Шрифт:
Интервал:
Закладка:
Проплыла еще одна лодка, груженная золотыми бананами, золотым сахаром, кровавыми и сочными сливами, сладкими, словно мед, полосатыми баклажанами — только зебрам и есть, ананасами с чистейшей плотью, каймито, похожими на аметист и на цветок, манго в корзинах — маленькими вулканами, нансе — каплями слез золотого божества…
«Еду везут…» — подумал сеньор Ничо, глядя на огненные плоды, лаву под шкуркой, родившуюся в древнем мире, где наяву и в отражении, снизу и сверху — повсюду сверкают и льются минералы.
— Ты знаешь, кто я. Теперь я скажу, куда ты попал. Ты шел на запад, минуя земли мудрости и маиса, спустился под усыпальницы тех, кто владел горами Чама, и теперь направляешься к устьям…
— Я жену ищу…
— Все ищут ее с тобой, но, прежде чем идти дальше, надо уничтожить то, что ты несешь в этих холщовых мешках…

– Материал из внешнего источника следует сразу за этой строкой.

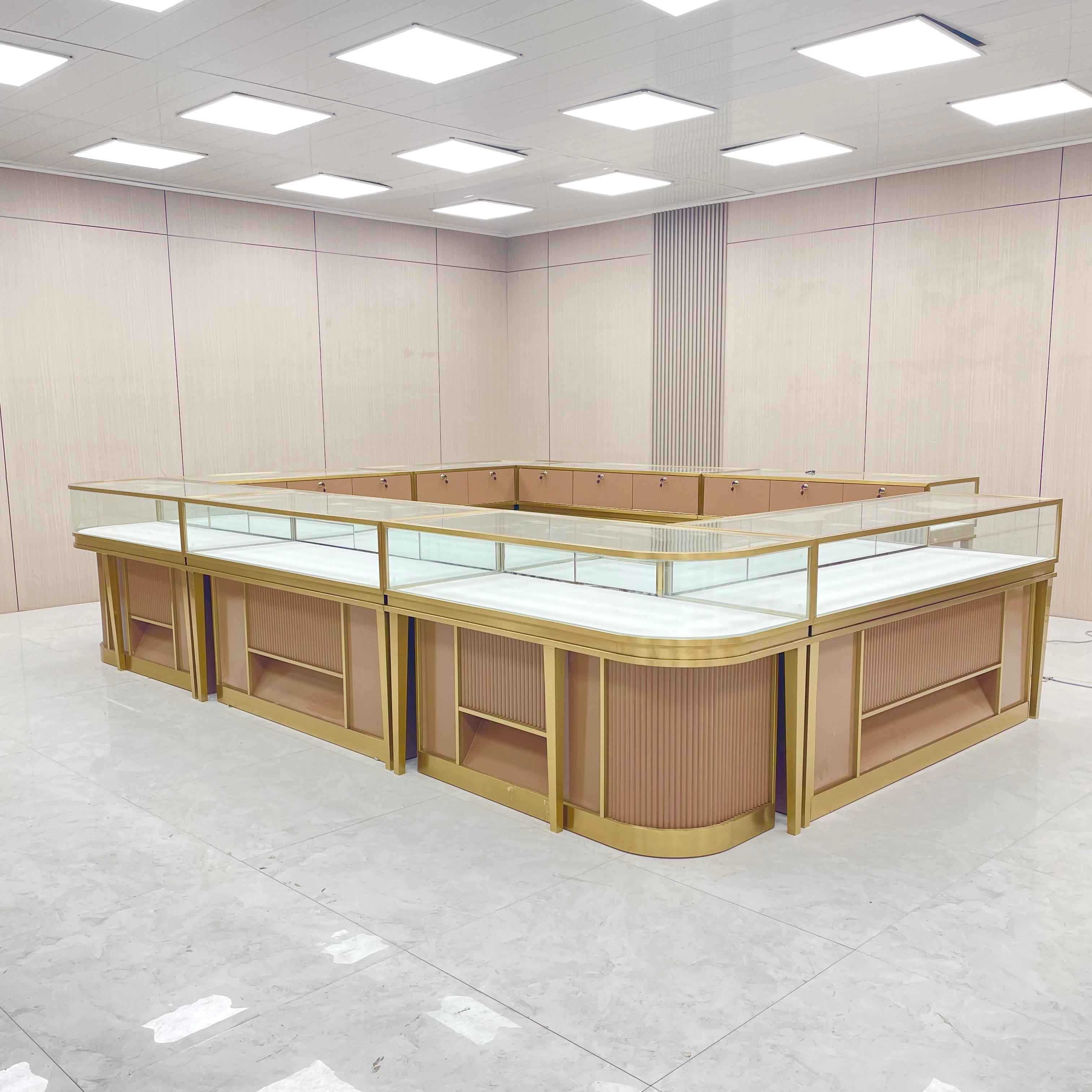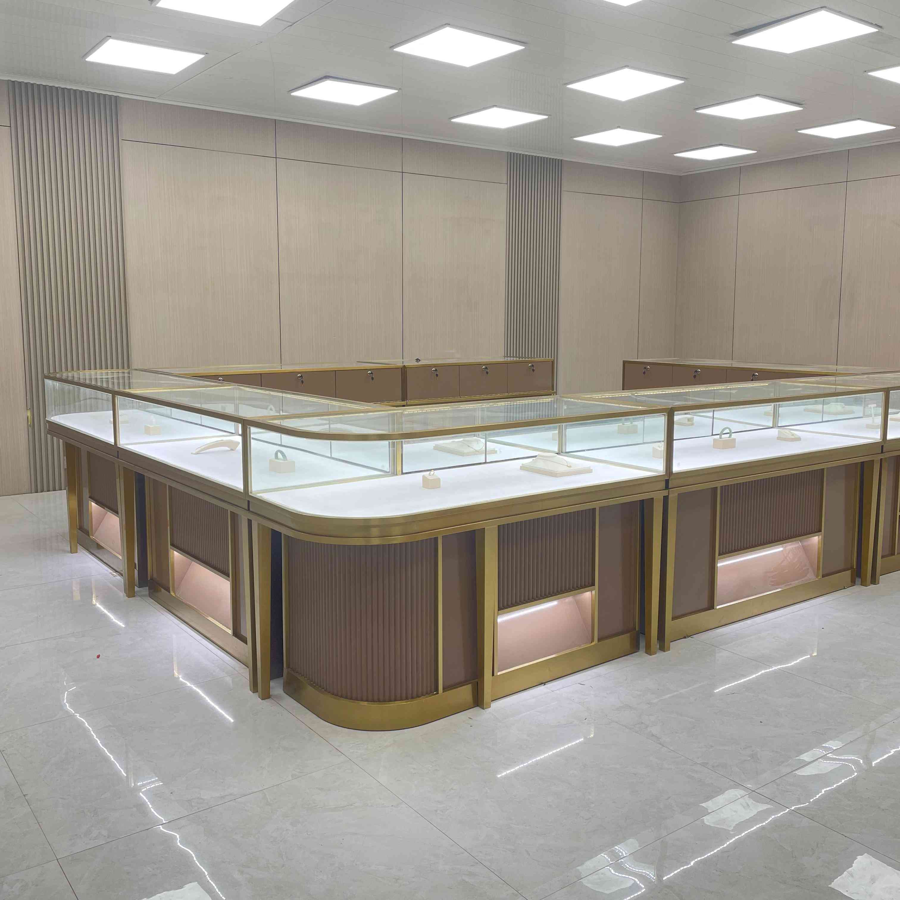 هذا هو خزانة عرض المجوهرات التجارية. يتميز بإضاءة LED لتعزيز عرض المجوهرات. يتكون الخزانة من ثماني خزائن منخفضة الارتفاع ، لكل منها أبعاد من L120*W55*H95cm ، والتي تشكل معًا تصميمًا 3M*4M للمتجر. تحتوي الخزانة على إطار من الفولاذ المقاوم للصدأ الذهبي للتيتانيوم اللامع ، مما يمنحه مظهرًا أنيقًا وفاخرًا. تصطف الداخلية بجلد بو الأبيض ، مما يوفر خلفية ناعمة ومتناقضة تبرز المجوهرات. تحد الخزانات الأساسية مع التيتانيوم الملون - الفولاذ المقاوم للصدأ الملون ، مما يضيف إلى جمالية ومتانة خزانة العرض.
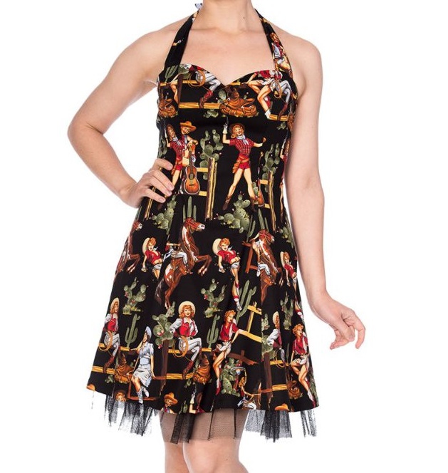 Dámské šaty Rockabilly Retro Pin Up Banned Cowgirl Halter Flare Dress Blk

Помня свой долг, письмоноша закрыл мешки телом и не дал их сжечь. Лучше пойти по большой дороге, решил он. Они направились к западу, выглянули в огромное окно, обрамленное черными скалами, и увидели молочную голубизну поднимавшегося над морем тумана. Облачка с паучьими лапами проносились сквозь золотую пыль солнечного света, а пыль эта оседала в воду, чтобы вода стала светлой, пресной, печальной. Дождевые капли — вестницы тоски. Те, кто их выпьет — и женщины и мужчины, — мечтают о невиданных лугах, о небывалых странствиях, о потерянном рае. Истинный мужчина, истинная женщина (а они есть, вернее, были в каждом) покидают их, оставляя по себе оболочку, просто куклу, которая живет как живется. Почтальон обязан защищать свои письма, на то ему и нож дают, он обязан доставить их и вручить в целости и сохранности, но пустые обязанности исчезают, когда под оболочкой возродятся человеческая печаль и звериное чутье.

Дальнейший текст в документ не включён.